The FIFA games are usually an exception to pay per view and can usually be found on cable in the US (Disney/ESPN currently have a lock on the FIFA games in English, Telemundo in Spanish).
This all changes for other competitions - the organizers usually own the rights and they each go about selling those rights in different ways. Currently UEFA, the organizers of the top European clubs, 'Champions League', have done a deal with Real Networks for same day video coverage, video highlights and live audio, $5/month, $40/season. I'm ambivalent to Real but many
But be careful what you wish for, the Men's World Cup coverage was adequate, but fuzzy. It could be a little hard to see what was happening. I've only viewed the free preview of the UEFA Real Network stuff and the video is dramatically better, still not up there with a good TV, but not far short either - ASSUMING you have a high speed (100kb+) connection. Forget dial up for anything other than audio.

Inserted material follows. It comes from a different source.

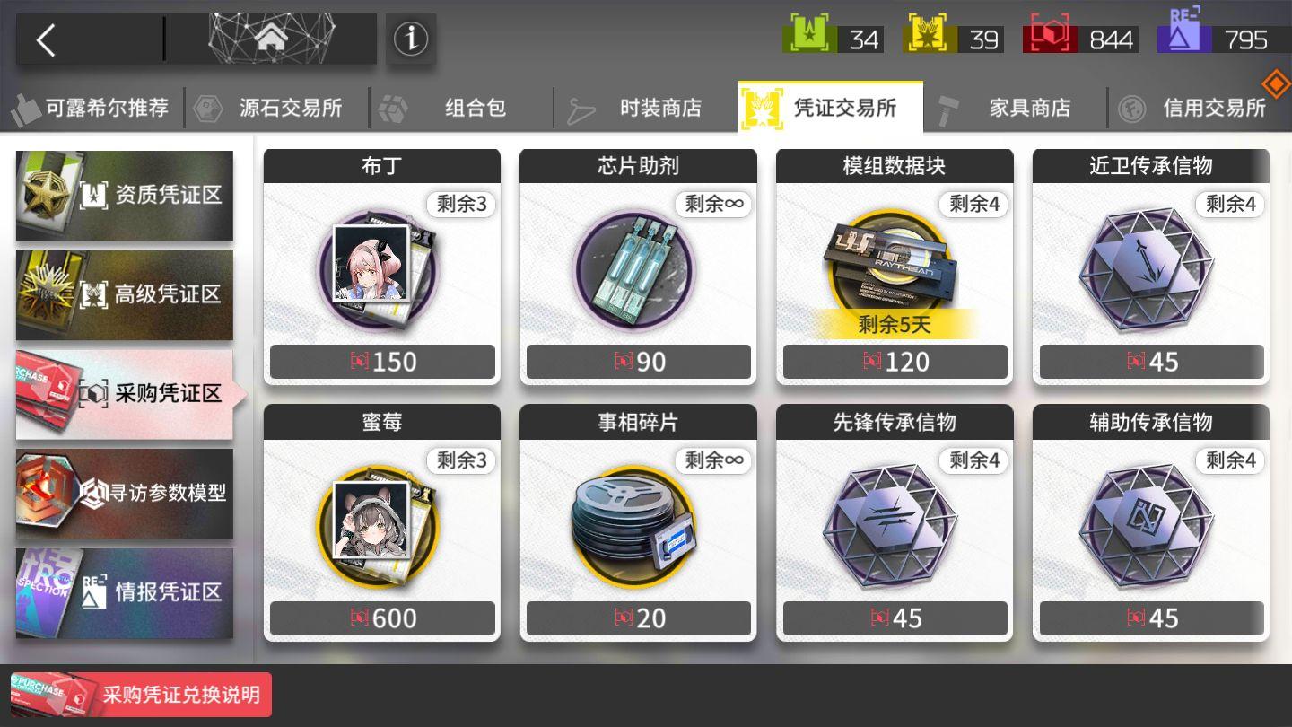 还有一种方式是通过采购凭证(红票)兑换获得,这里可以说是博士们兑换的主要聚集地,虽然说90个红票兑换一个(需要突5次粉碎防御),但胜在可以无限兑换,且不用消耗珍贵的高级凭证。

Oh, everything is streamed, no downloads, DRM and all that guff.
Go Chelski for The Champions League!
Richard
Keep It Simple
Unauthorized reproduction is prohibited without the express written consent of the commissioner of baseball"
Like I said, we used to rebroadcast illegally. We only had implied oral consent to rebroadcast.
While perhaps not the most exciting stuff out there, one of the few online simulcasts I know of is the Annenberg/CPB Satellite channel -- which largely broadcasts educational programs (eg: telecourses for distance learning initiatives and teacher professional development):
channel info: http://learner.org/channel/channel.html
simulcast link: http://learner.org/channel/broadband/video.html
i used to work for a movie studio in IT. one day one of the head honchos came in and asked how easy it would be to set up a streaming server. i said it was easy, and had a demo running in a few days. his idea was that all of our clients were spending tons of money having demo VHS tapes duplicated to send out to investor/clients/promos/whatnot, and that streaming the video online would be a lot cheaper, since it was edit once and go. we got approved for a kick ass streaming server system. there was talk of a major company springing up from this. the word IPO was everywhere. seed stock was the buzzword of the office. it was going to revolutionize the company. so we set up. and we waited. and waited. and waited. none of our clients were interested. they felt that it was too expensive. even the ones that we were giving it to were not really interested in having it. we got more notice from the big players in streaming video than we did customer contact. when i left the company streaming was all but a dead issue. i don't even think they have the web site any more, and probably the equipment got sent back after the lease or something. oh well, i had fun setting everything up myself and running it. in the end i even had a setup elsewhere that was streaming porn for an unnamed webcam girl. showed up her hosting company as they felt it was impossible to do.
bottom line? just like everything else on the internet, no one wanted to pay for it. our clients or theirs. we couldn't give it away after the tech bubble burst.